(Data for this task Opens)
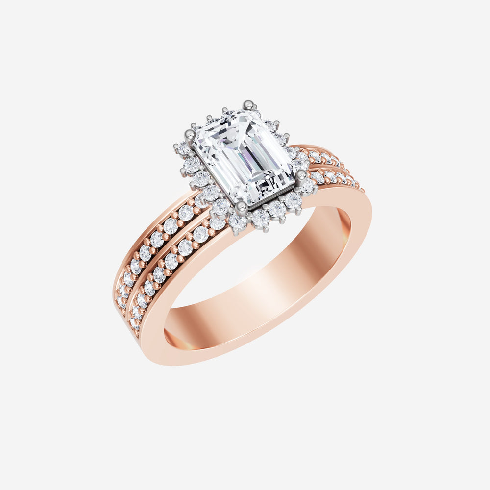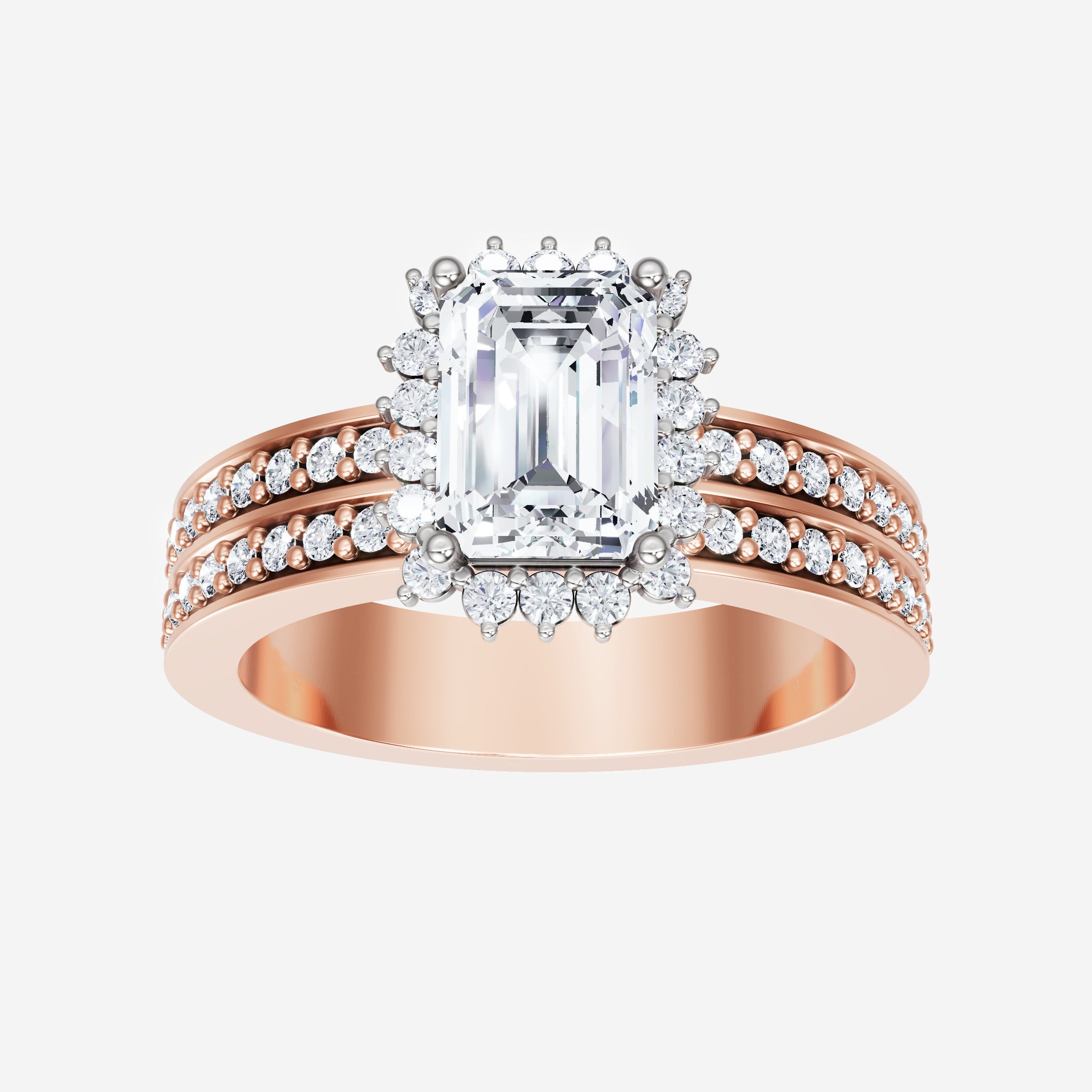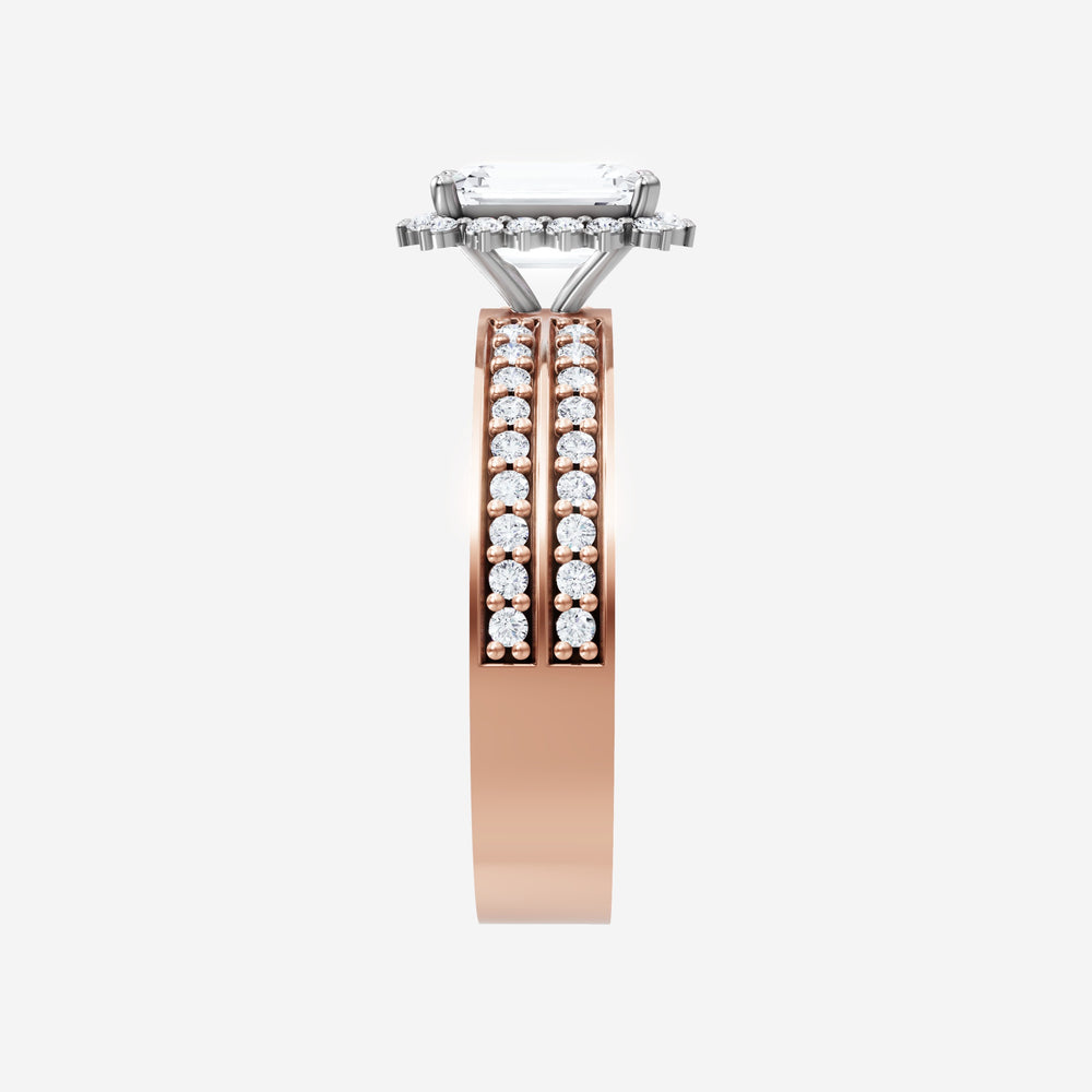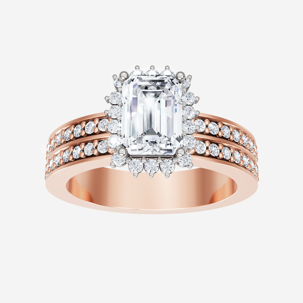You’ve designed a ring that reflects lasting elegance and grace! Crafted from 18k Rose White Dual Tone, this exquisite Emerald lab-grown diamond is the centerpiece of this unique design. This Double Row Pave with a Diana Halo head showcases the brilliance of the Emerald diamond, creating a timeless look. This ring will become a cherished reminder of life's most treasured moments.
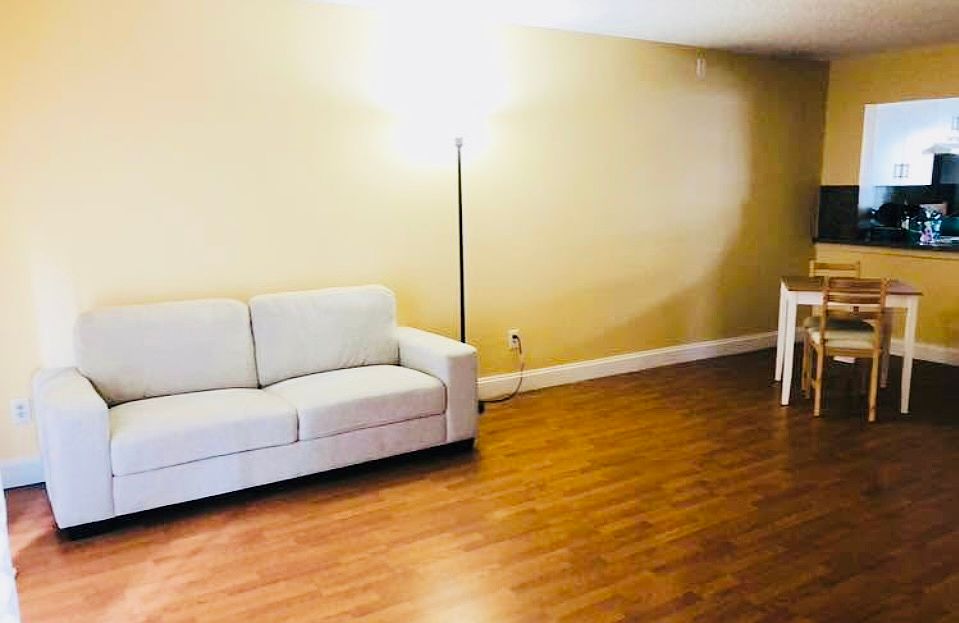Screened balconyPlenty guest parkingSafe in walk-in closetClean open kitchenBrand new fridgeAll laminate wood floors
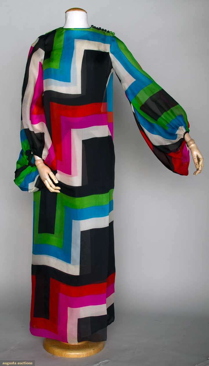 Single shoulder organdy sheath in black, white, blue, green, pink & orange geometric print, L side w/ long balloon sleeve, satin bow-front belt, optional tabard over-layer that buttons on L shoulder & has single R sleeve, open from shoulder to hem on L side, B 34", W 30", L 55", unlabeled & couture, (bottom layer's seams let out & 1 silk pull on R side, both hidden by tabard layer) very good-excellent. Bought at Pierre Cardin, Paris. Provenance: Mme. Erna de Paz, Argentine & Parisienne socialite.
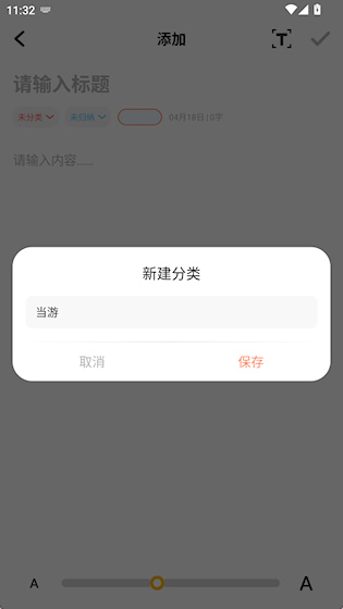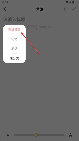 1、分类界面是没有新建分类功能的,需要点击+,在创建笔记界面新建分类
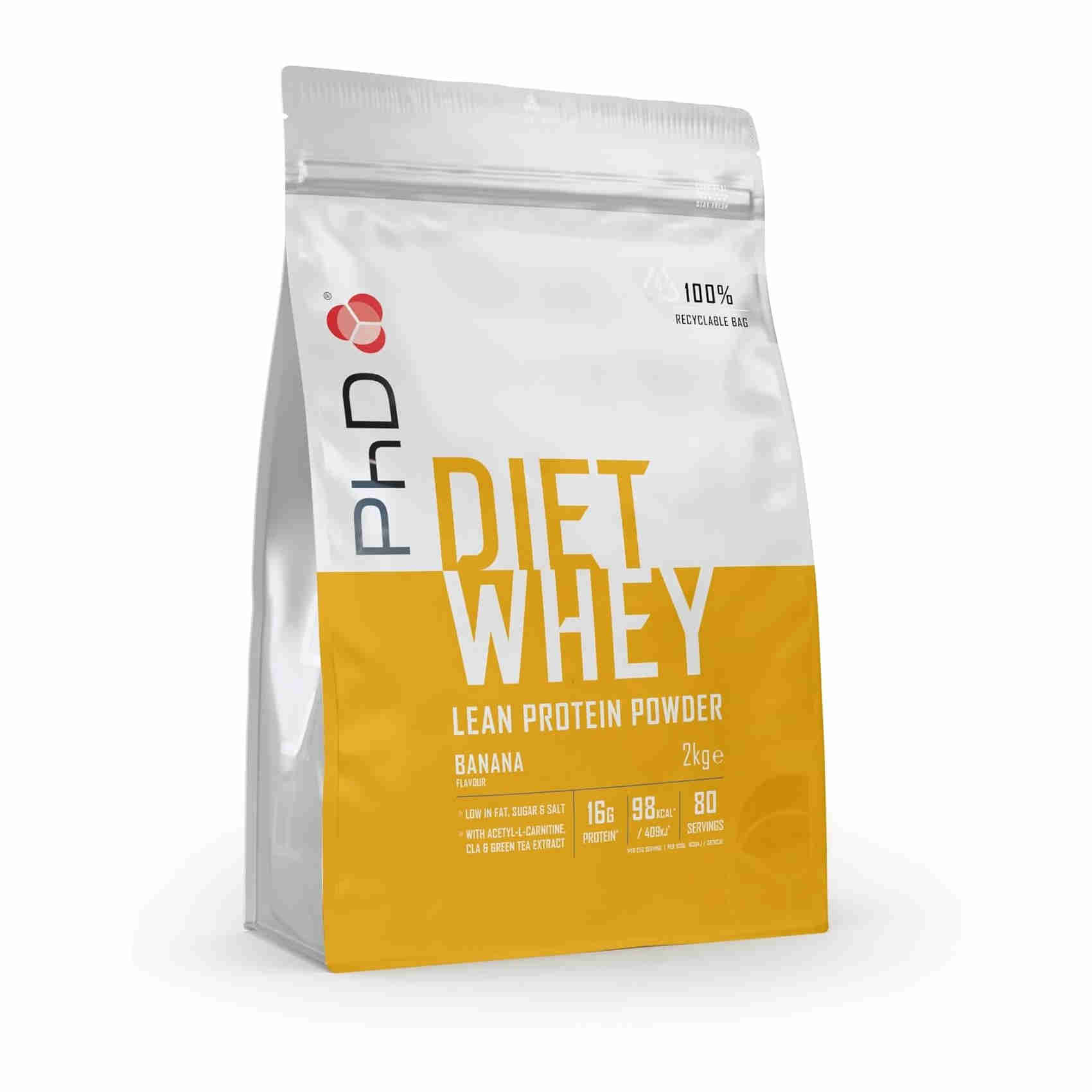 PhD Nutrition Proteine Whey in Polvere, Aumento Massa Muscolare, 17gr di Proteine, Gusto Banana (80 Porzioni, 2Kg) Macro perfetti, solo 91 calorie per porzione e meno di 3 g di carboidrati 17 g di proteine di varia origine a porzione, per entrare in circolo in momenti diversi e offrire un flusso continuo di aminoacidi, che contribuiscono a mantenere un fisico snello tutto l’anno Diet whey è adatto anche ai vegetariani e contiene anche semi di lino, cla, l-carnitina ed estratto di tè verde, ch
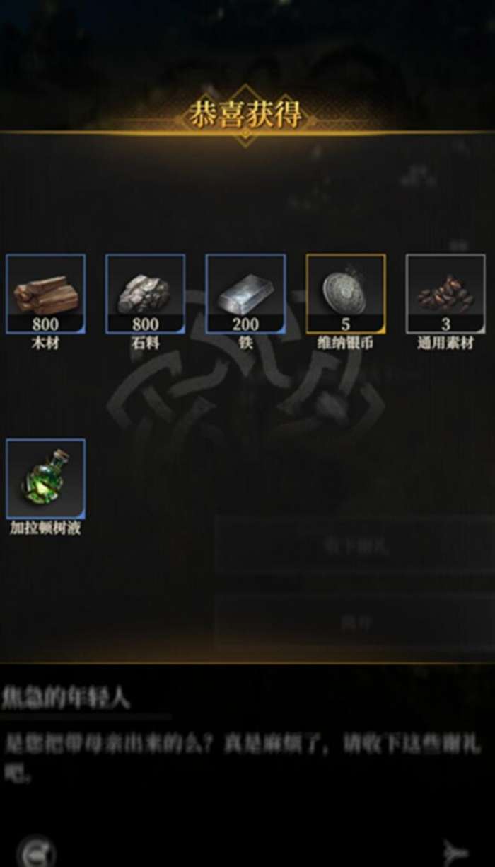 另一个重要事件是寻母任务。该任务的触发点在于地图中一位焦急的年轻人,但要找到他需先清理一片密集的荆棘区域。清理完毕后会遇到一位老人,与其对话将获得线索指引。根据老人提供的方向继续探索,便可找到年轻人并完成任务。完成寻母任务后,玩家将获得经验书与资源包,同时提升相关NPC的好感度,并解锁一段隐藏剧情。
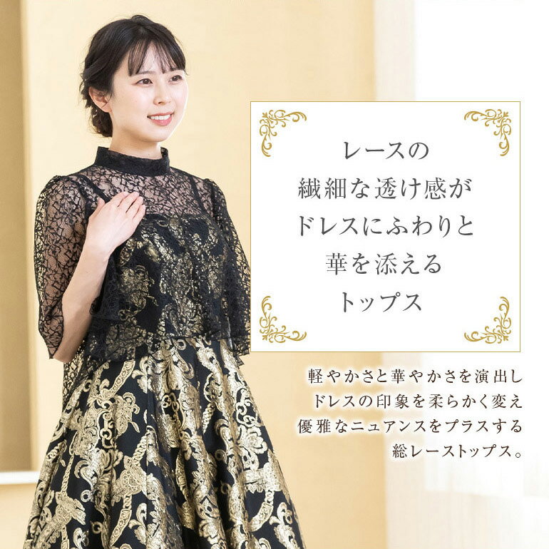 結婚式 フォーマル レース トップス 母親 大きいサイズ ブラック 黒 大人 マザーズドレス レディース 小さいサイズ 卒業式 入学式 お呼ばれ セレモニー 礼服 演奏会 着痩せ (836)日本製
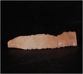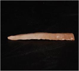| Description / विवरण | A Parallel side blade made of Chert with a mid-ridge on dorsal side, broken at proximal end and bulb on the ventral side. |
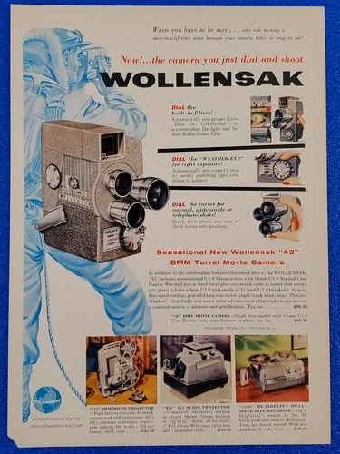 1957 WOLLENSAK "43" 8MM TURRET MOVIE CAMERA ORIGINAL COLOR PRINT AD WORLD FAMOUS
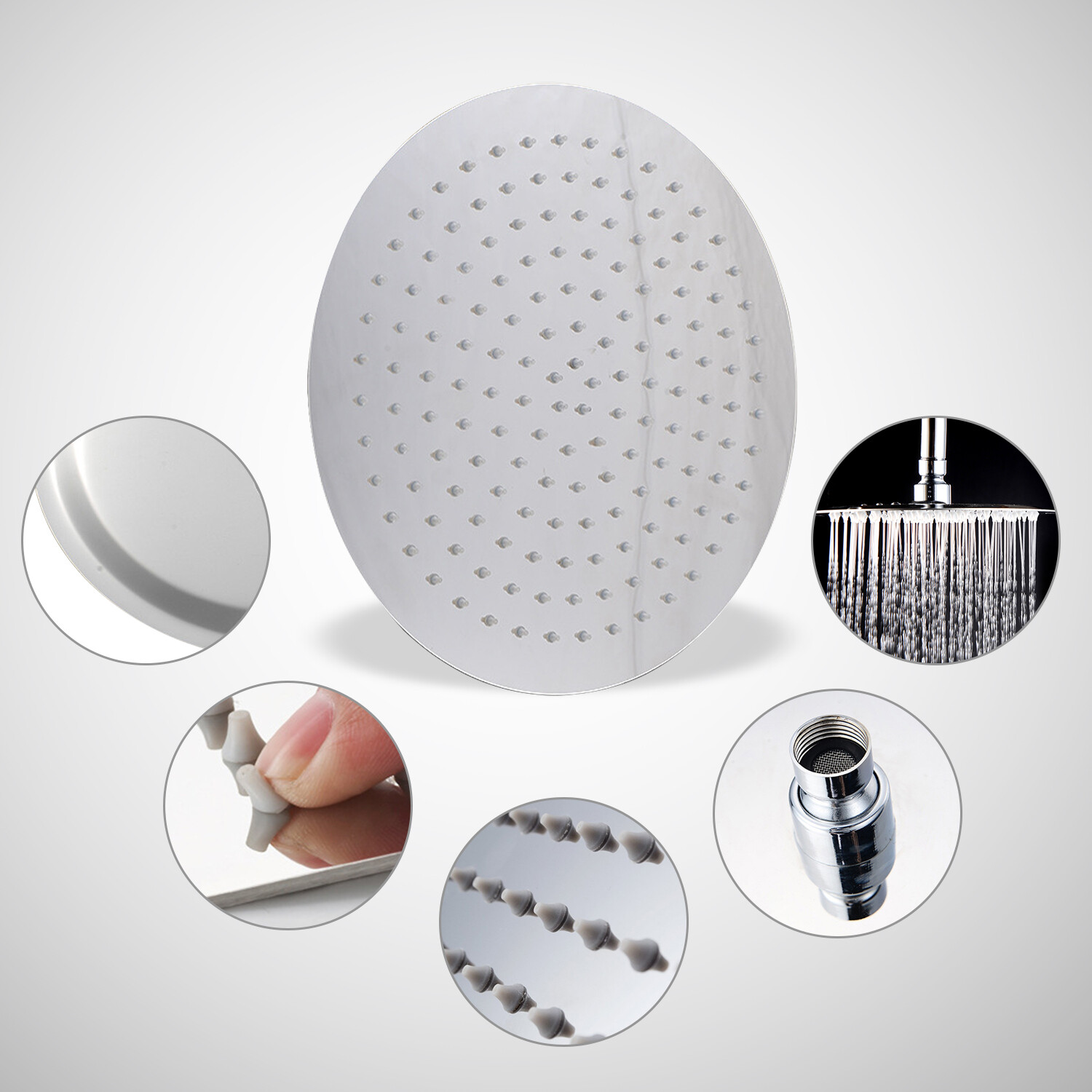 Technische Daten: Größe: 8 Zoll / 10 Zoll / 12 Zoll Form: rund / quadratisch Oberflächenmaterial: Edelstahl 304 Düse: Silikon Schnittstelle: G1 / 2 Betriebsdruck: 1.0KGS-10.0KGS Der beste Wasserdruck: 3.5-4.5KGS Wassertemperatur: 0-100 ° C (normales Leitungswasser oder gefiltertes Meerwasser mit mit leichtem Salzgehalt)
(Data for this task Closes)
## Work task
The required result is the entries above, printed exactly from the first line through the line with "AD WORLD FAMOUS", pictures excluded.

## Reply
You’ve designed a ring that reflects lasting elegance and grace! Crafted from 18k Rose White Dual Tone, this exquisite Emerald lab-grown diamond is the centerpiece of this unique design. This Double Row Pave with a Diana Halo head showcases the brilliance of the Emerald diamond, creating a timeless look. This ring will become a cherished reminder of life's most treasured moments.
Screened balconyPlenty guest parkingSafe in walk-in closetClean open kitchenBrand new fridgeAll laminate wood floors
 Single shoulder organdy sheath in black, white, blue, green, pink & orange geometric print, L side w/ long balloon sleeve, satin bow-front belt, optional tabard over-layer that buttons on L shoulder & has single R sleeve, open from shoulder to hem on L side, B 34", W 30", L 55", unlabeled & couture, (bottom layer's seams let out & 1 silk pull on R side, both hidden by tabard layer) very good-excellent. Bought at Pierre Cardin, Paris. Provenance: Mme. Erna de Paz, Argentine & Parisienne socialite.
 1、分类界面是没有新建分类功能的,需要点击+,在创建笔记界面新建分类
 PhD Nutrition Proteine Whey in Polvere, Aumento Massa Muscolare, 17gr di Proteine, Gusto Banana (80 Porzioni, 2Kg) Macro perfetti, solo 91 calorie per porzione e meno di 3 g di carboidrati 17 g di proteine di varia origine a porzione, per entrare in circolo in momenti diversi e offrire un flusso continuo di aminoacidi, che contribuiscono a mantenere un fisico snello tutto l’anno Diet whey è adatto anche ai vegetariani e contiene anche semi di lino, cla, l-carnitina ed estratto di tè verde, ch
 另一个重要事件是寻母任务。该任务的触发点在于地图中一位焦急的年轻人,但要找到他需先清理一片密集的荆棘区域。清理完毕后会遇到一位老人,与其对话将获得线索指引。根据老人提供的方向继续探索,便可找到年轻人并完成任务。完成寻母任务后,玩家将获得经验书与资源包,同时提升相关NPC的好感度,并解锁一段隐藏剧情。
 結婚式 フォーマル レース トップス 母親 大きいサイズ ブラック 黒 大人 マザーズドレス レディース 小さいサイズ 卒業式 入学式 お呼ばれ セレモニー 礼服 演奏会 着痩せ (836)日本製
| Description / विवरण | A Parallel side blade made of Chert with a mid-ridge on dorsal side, broken at proximal end and bulb on the ventral side. |
 1957 WOLLENSAK "43" 8MM TURRET MOVIE CAMERA ORIGINAL COLOR PRINT AD WORLD FAMOUS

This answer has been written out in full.